Nice!
Speaking of pixel art, the CSS Images 3 specification[1] has a value of 'crispy-edges' for 'image-rendering'. The algorithms they propose work on integer scaling of pixel art. Any ideas on how to scale by a non-integer value? I am thinking that scaling by an integer value greater than the specified non-integer value and then scaling back down might be the best solution.
Tav
[1] http://dev.w3.org/csswg/css-images-3/
On Fri, 2015-02-20 at 17:32 +0100, Krzysztof KosiĆski wrote:
I finally have something that mostly works. Attached are example input and result.
The algorithm I designed works as follows:
- Compute a sum of Fourier transforms of each row and each column of
the image.
- For both sums, look for the 'base frequency', i.e. the size of the
pixel grid. There are two variants here: if the pixel art does not have grid lines, the base frequency is indicated by periodic values very close to zero ("antipeaks"), and if it does, there are periodic peaks. Spacing between peaks / antipeaks corresponds to the number of pixels. I use an empirically derived scoring scheme.
- Sample the image at the center of grid points. Currently I use
bilinear sampling at the center of the pixel, but something more clever would be better to remove defacements. For instance, doing cluster analysis and picking the average of the most numerous cluster should work.
- Quantize colors. I wanted to avoid having to specify the number of
colors in advance, so I used single-link clustering in Lab color space. Complete-link would probably work better.
- Output the resulting image as PNG.
The only tunable value in the algorithm is the clustering diameter; everything else is automatic. A value of deltaE = 8 seems to work fairly well.
The algorithm works very well if the following conditions are met:
Pixel size is at least 5-6.
Image borders are aligned with the pixel art grid.
There is no skew or other deformation of the image.
We can handle small pixel sizes, e.g. 2-5, by simply checking whether the art pixels given by these grid parameters contain approximately uniform colors.

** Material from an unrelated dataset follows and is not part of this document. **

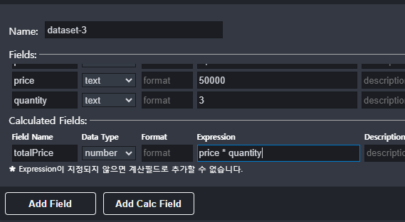 - Calculated Field 추가: 총 매출액(totalPrice) = 가격(price) * 수량(quantity)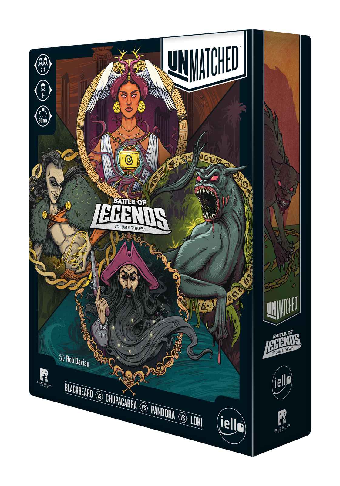 Good things come in threes. Unmatched is the critically acclaimed, best-selling game of tactical combat between unlikely opponents, and the Battle of Legends badge has always been the epitome of “unlikely”. In the final entry of the Battle of Legends set, four disparate heroes come together to see who reigns supreme:

Limitations 2 and 3 could be lifted by preprocessing the image before the FFT step. The Python script posted earlier in this thread can detect the edges of the pixel art, but it doesn't work well in some cases, for example in the case of sketches where the individual squares have jagged edges. However, I think the approach of doing a Hough transform to detect lines and then finding a projective transformation that straightens the image could be promising. Another idea is to find areas of approximately uniform color, mark them using something like flood fill, and then process the edges.
I will soon post the code publicly and then integrate this into Inkscape as an optional step in the Trace Pixel Art dialog, but can't give an ETA yet. I think late March is realistic for integration. I will need to factor out a few things which are more universally useful, e.g. conversion to Lab color space and color quantization, or use an external library such as Babl or LCMS.